WHD’s solicitors advance the interests of their clients by resolving issues quickly or by embarking upon potential matters before they occur.
The firms’ experience encompasses the gamut within ERISA litigation. The extremely service-oriented law firm houses a significant amount of specialists with expansive experience in ERISA litigation, who have dealt with high-stakes, high-profile issues on behalf of employers, trustees, and administrators in courts nationally. The areas of expertise include litigation relating to 401(k) plan and ESOP class actions, fiduciary duties, health and welfare benefits, and also include retiree benefits. The WHD team also assists with plan document interpretation, contribution and indemnification matters. Services on offer include the following:
The team at Whyte Hirschboeck Dudek is aware that ERISA benefits-related lawsuits can be extremely pricey, but a lingering case that is near-impossible to win can be even more so. The legal team at the firm knows that for an employer, an insurer or a third-party benefits administrator, to comprehend when to fight a case and when to comply will save a lot of time and money.

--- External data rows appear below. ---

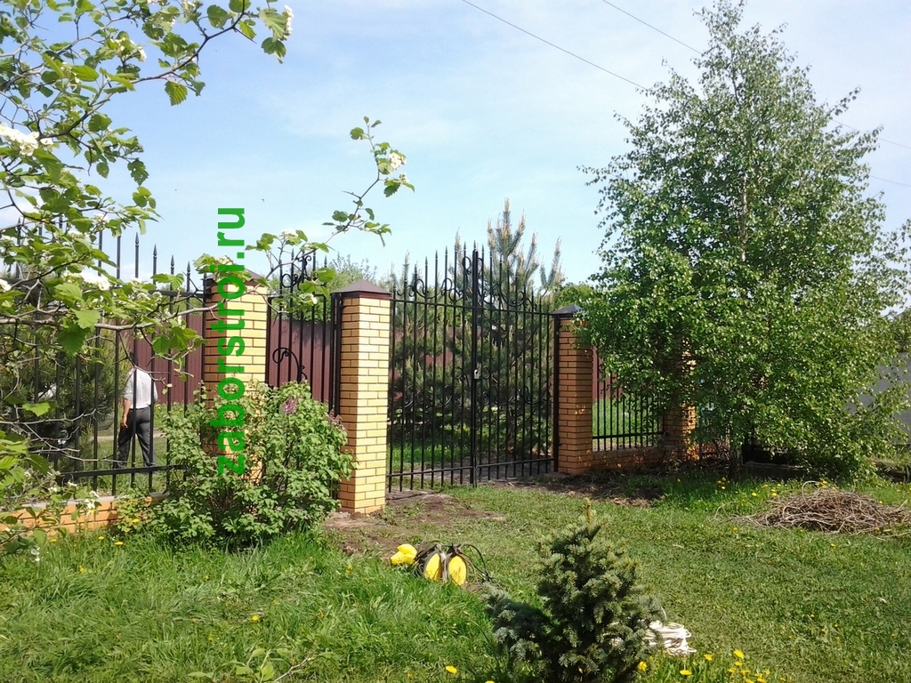 Сварные заборы с кирпичными столбами 60 метров
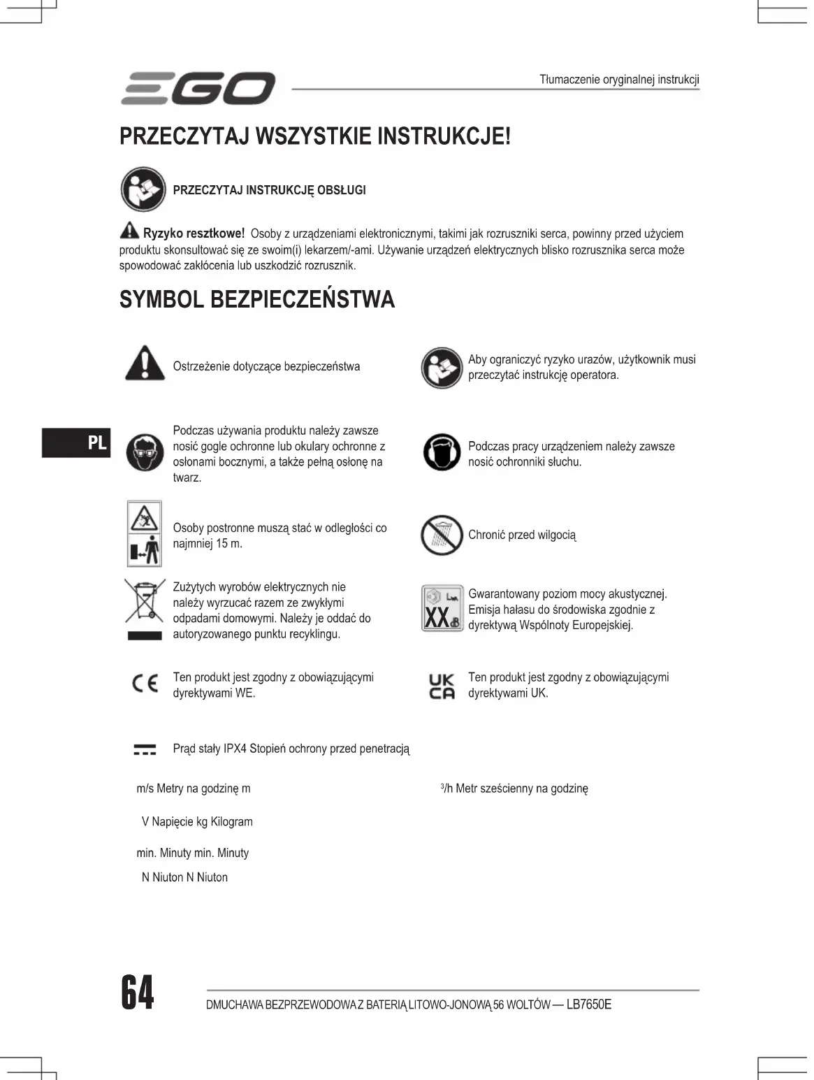 LB7650E - Dmuchawa EGO - Bezpłatna instrukcja obsługi
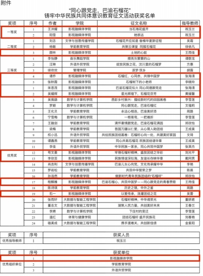 公司师生在“同心跟党走,巴渝石榴花”铸牢中华民族共同体意识教育征文活动中取得佳绩!
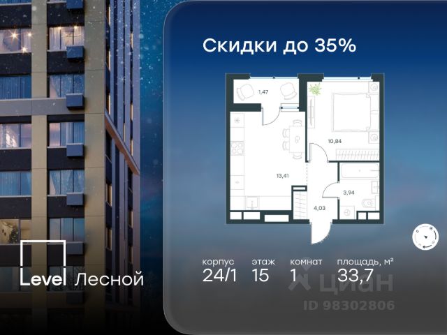 Продается 1-комнатная квартира на 7 этаже из 9, секция 8, в ЖК Riga Hills площадью 44.77 кв.м. ЖК Riga Hills (Рига Хиллс) яркий жилой комплекс бизнес-класса в экологически чистом районе Подмосковья, всего в 12 км от МКАД по Новорижскому шоссе.

Clients turn to WHD’s ERISA litigation group for their familiarity and specialist knowledge with the nuances of ERISA-related complexities. The group has the capability of swiftly assessing the likelihood of prevailing in any given court case. Years of experience has helped its team to recognise when to fight and when to mediate. It is also aware of the process and can cut right through to the essence of a lawsuit by promptly identifying whether a case fittingly falls under ERISA or other federal or state laws.